Besides, with Twitter there is little point of reference. There is not much in the way of affiliated conversation. There is little married speaking. It is all rather disjointed. It is much like asking a question about the weather only to get a response about politics, and you think "where did that come from". It is a little like all languages speaking at each other at the same time.
I have now gotten a flavor of the daunting task that George Bush and the government must have listening in on all of our telephone calls and reading our emails. It is like looking down into a giant reservoir of fast moving, and unrelated data, and trying to identify that which is important to you. Or maybe, with fear of dating myself, it reminds me a little of the "Job Switching" episode of I Love Lucy in which Lucy and Ethel cannot keep up with the conveyor belt at the candy packaging job they take on. It is pure vaudeville, and that is what I feel like sometimes when trying to keep up with Twitter.
In growing up we were taught to be so regimented. Maybe they call the opposite of this attention deficit now, but I am beginning to think that it permeates our young today because tech is better at mimicking the mind and the way that thought and communication really works. The young are naturals at it. Maybe we have been systematized a different way. Is the new Twitter way better or worse? I am not sure. I tend to think better.
We are now entering the world past simple email and IMing into the strange new realm of social media, and we need to be fearful of not being left behind. I know lawyers still that are in the agrarian age of law. We are struggling with transition to social media, and these lawyers cannot type (keyboard) or are still using fax machines and FedEx as their primary source of tech. There are federal judges that tech has past by. These judges have their staffs print off everything, then they read it, sign it and their staffs scan it back it. They cannot only live without paper, they do not even try. I am fearful that it is a luxury that us ordinary attorneys cannot afford if we want to continue as productive members of our profession.

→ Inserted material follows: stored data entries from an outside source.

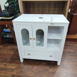 30" Bathroom , Freestanding Bathroom Storage Cabinet , Modern Vanity Cabinet with 2 Water Ripple Doors and 1 Drawer, Soft-Close Design , White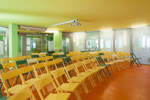 Il y a plusieurs pièces dans ce lieu : une cuisine, une bibliothèque, des bureaux, un auditorium…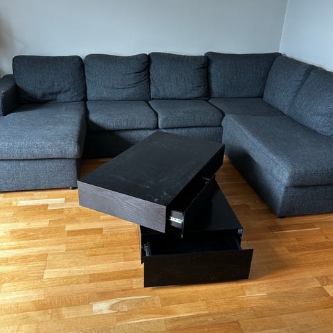 Väger inte så mycket, men otymplig pga storlek. Bärhjälp till bil finns. Hiss finns i huset.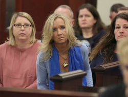 Photo of Tami Bella sitting up front during the trial concerning the murder of daughter Nicole Lovell.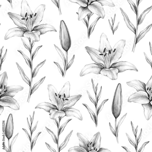 Seamless Pattern With Pencil Drawings Of Lily Flowers Buy This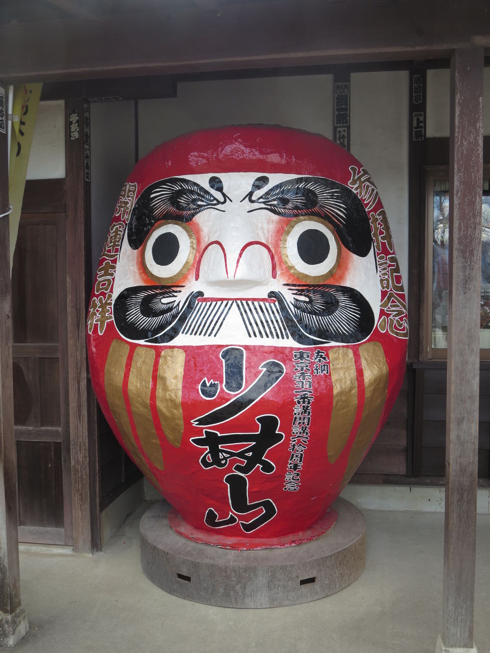 さて参拝も終わったので本堂の周りをぐるっとまわってみます。すると達磨堂なるものへの案内と絵馬(?)が早速目に入りました。この絵馬(?)ですが、お寺なので絵馬と言うのかどうかわからないですが何しろ形がだるま型と言うのがらしいです。達磨堂は残念ながら写真撮影が禁止されていたのですが、この福だるまのモデルとなった達磨大師の立派な像があってみたり、日本全国のだるまのコレクションが有ったりとなかなか面白い場所でした。ちなみにお約束の様に女性型のだるまがあったのには思わず笑ってしまったのは言うまでもありません。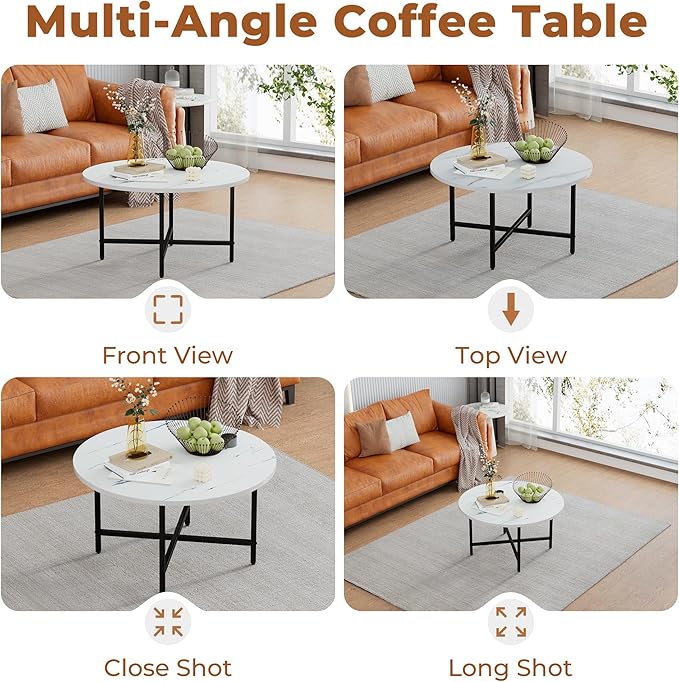 Coffee Table, 23.6" Coffee Tables for Living Room, Round Coffee Table with Metal Frame, Floor Table for Sitting on The Floor, Home, Office, White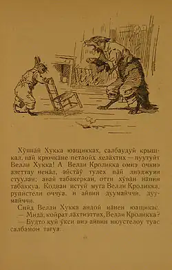 - ^ Bogdanova, Leena; Ščerbakova, Tamara. Karjalan kielen harjoituskogomus III–IV luokku Livvin murdehel. Petroskoi «Periodika», 2004, p. 14.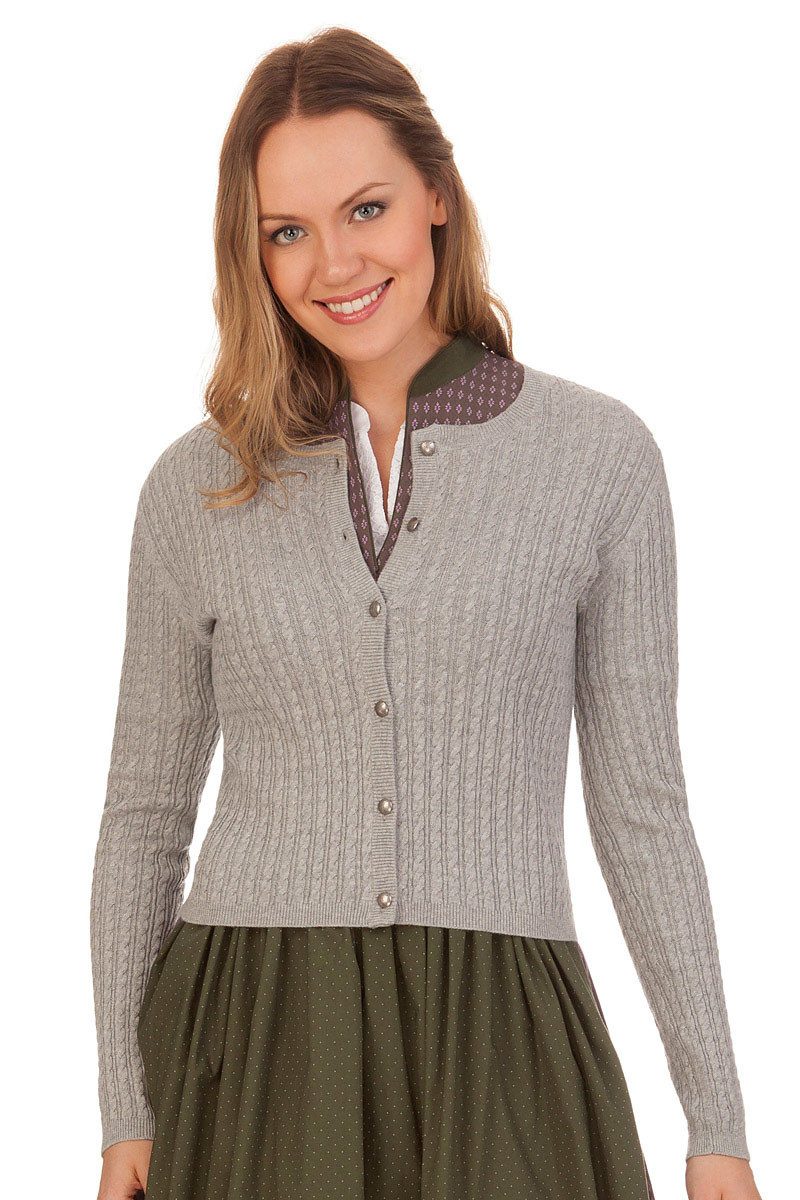 Die niedliche Trachten Strickjacke Reit mit dem zarten Zopfstrick-Muster ist ein vielseitiger Trachtenbegleiter. Rundhalskragen, Bündchen und Bund sind mit dezentem Rippenstrick akzentuiert. Traditionelle, hübsche Münzknöpfe aus altsilber-farbenem Metall zieren die Knopfleiste an der leicht tailliert geschnittenen Jacke. Die kuschelige Qualität und der tolle Tragekomfort machen den zeitlos-modischen Dirndl-Begleiter in toller Markenqualität von Hammerschmid aus. Sie passt auch super zu Jeans und Lederhose.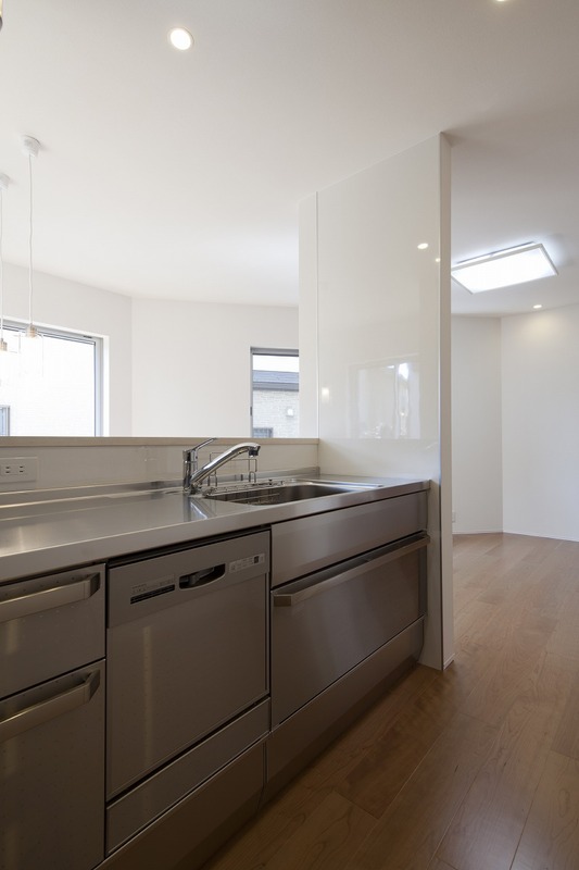 角地の魅力を活かした陽当りのいい住まいをプラン。大きな吹抜けのあるLDKは開放的で居心地のいい空間です。キッチンからはリビングを見渡すことができ、家事をしながらでもお子様の様子を見守ることができ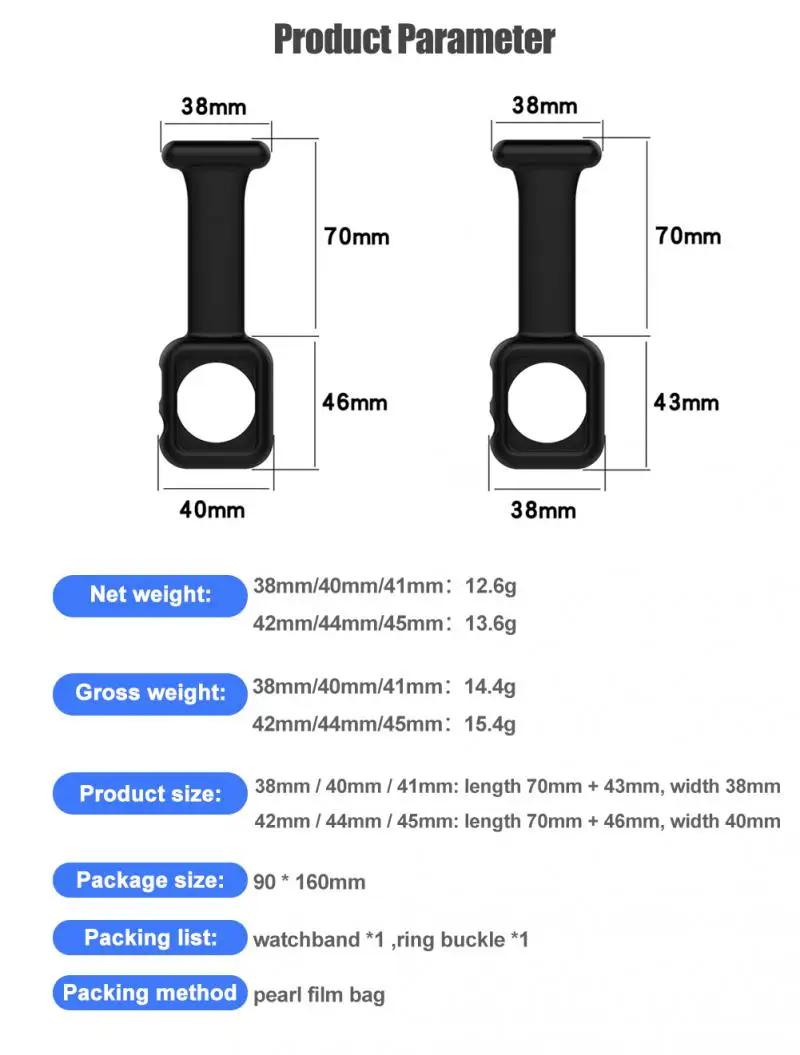 1, два размера, применимые серии Apple Watch, все размерные движения; 2, кольцевая игла с пряжкой, избегайте падения, легко снимается;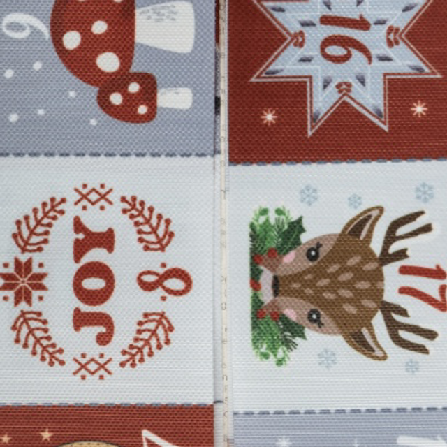 Make your own Advent calendar using this festive grosgrain ribbon exclusively designed at Groves. Simply cut along the dotted lines, fold over the edges and sew or glue onto your desired base fabric to create a Christmas heirloom. Composition: polyester.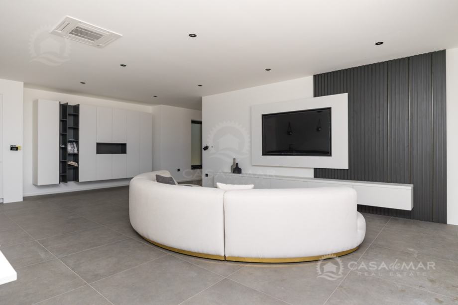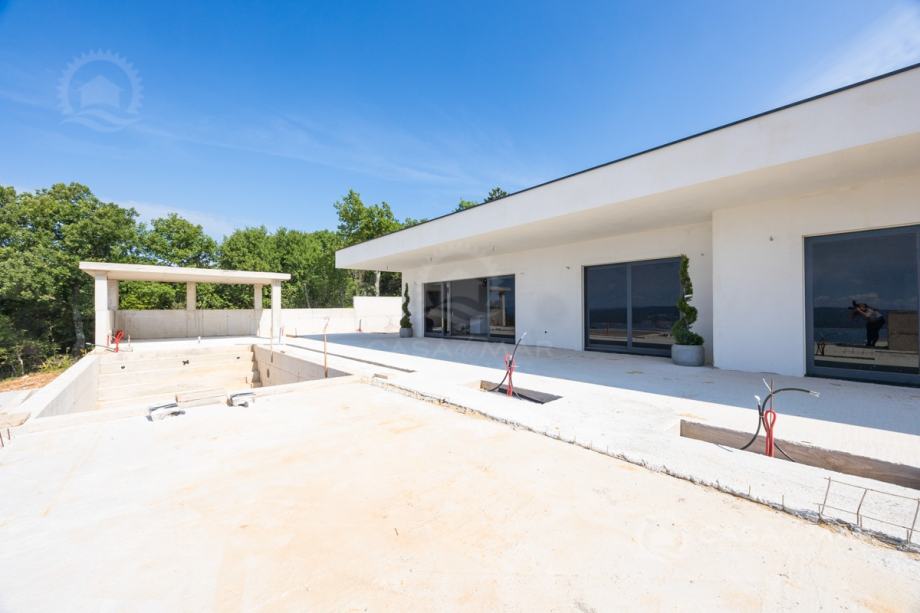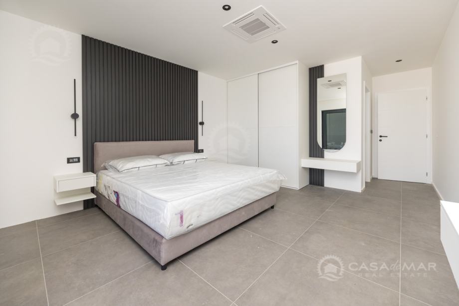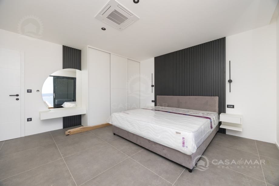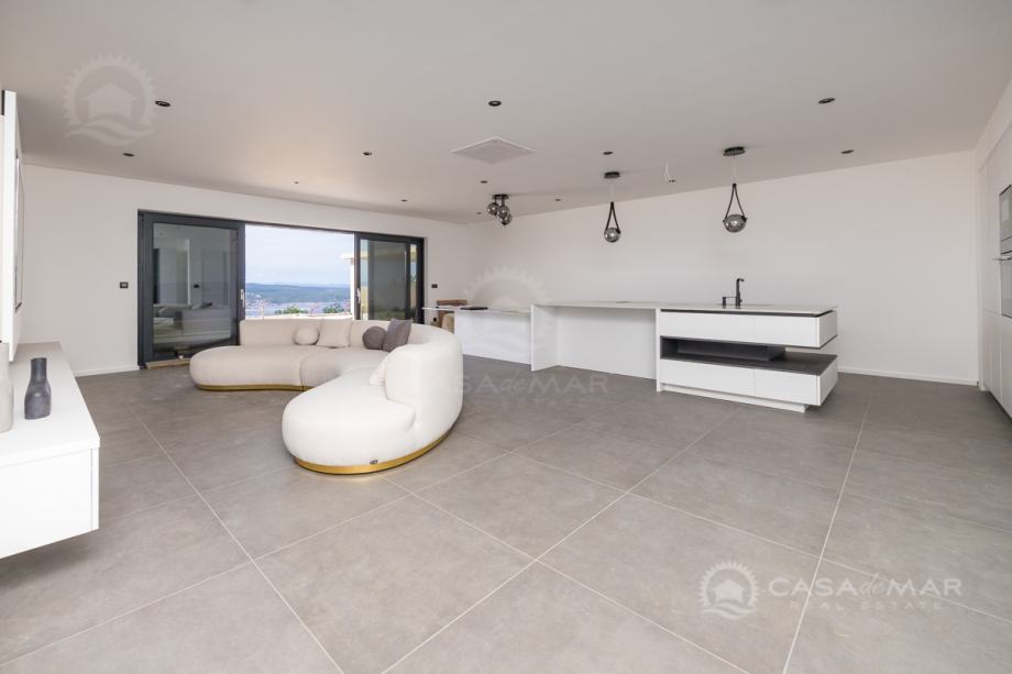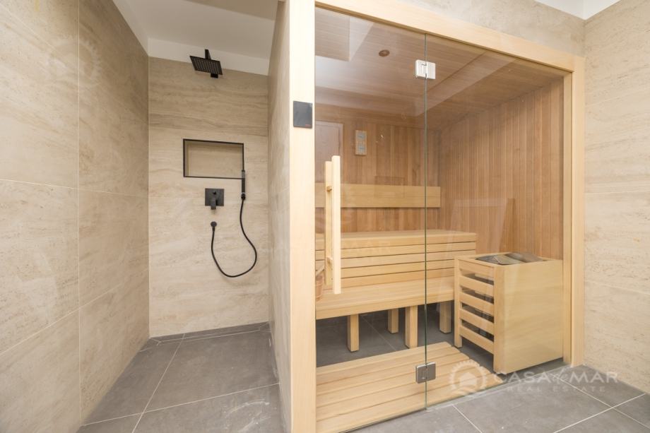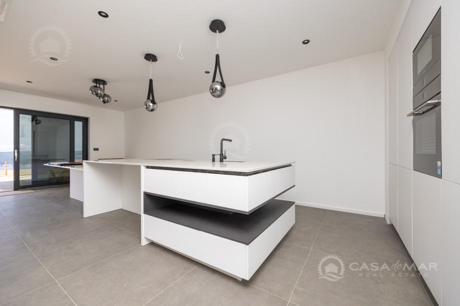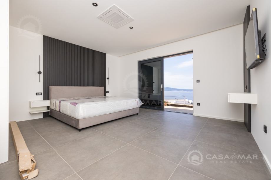 Vila površine 185,64 m² prostire se u potpunosti na jednoj etaži, što pruža izniman komfor i funkcionalnost te luksuz panoramskog pogleda na more iz svake sobe. Sastoji se od prostranog dnevnog boravka s kuhinjom i blagovaonicom u open-space konceptu, hodnika, vešeraja, gostinjskog toaleta, tri elegantne spavaće sobe – svaka s vlastitom kupaonicom, te saune za potpuni ugođaj relaksacije. Iz svih prostorija omogućen je direktan izlaz na savršeno uređenu okućnicu s jedinstvenim panoramskim pogledom na more koji ostavlja bez daha.

So, I do not know much more at the end of this week than when I started as to Twitter, but I think what I have figured out is this. Whether it is really the next big media, or whether it is the new big way to communicate, no matter what problems it holds for us old fogies, there is an internal need in all of us to feel connected to something bigger that ourselves. Somehow feeling connected in real time. For the spare room tycoon, the Third Waver, the connected lawyer, the carpet commuter, the solo practitioner, and to those hanging a shingle, Twitter is the comfort food that at least satisfies this appetite or this craving for us now.
We all look for that synchronicity in life in which two or more events or comments, which are causally unrelated occur together in a meaningful manner. We all hunger, we thirst, we itch for the relationship of minds, the relationship between ideas that might be casual on some level, but when they occur simultaneously they have a cause and effect on us. Those haha moments. And on the higher level that is what Twitter offers.
For now, I will keep at it to see what else can be learned in between learning what a Squeeze concert is, and what people are having for dinner, and when they are going to bed. As it turns out, I too live for the haha moment. The question is still can I make a living while keeping up with all of my options. Relationships, after all, are full time jobs in and of themselves.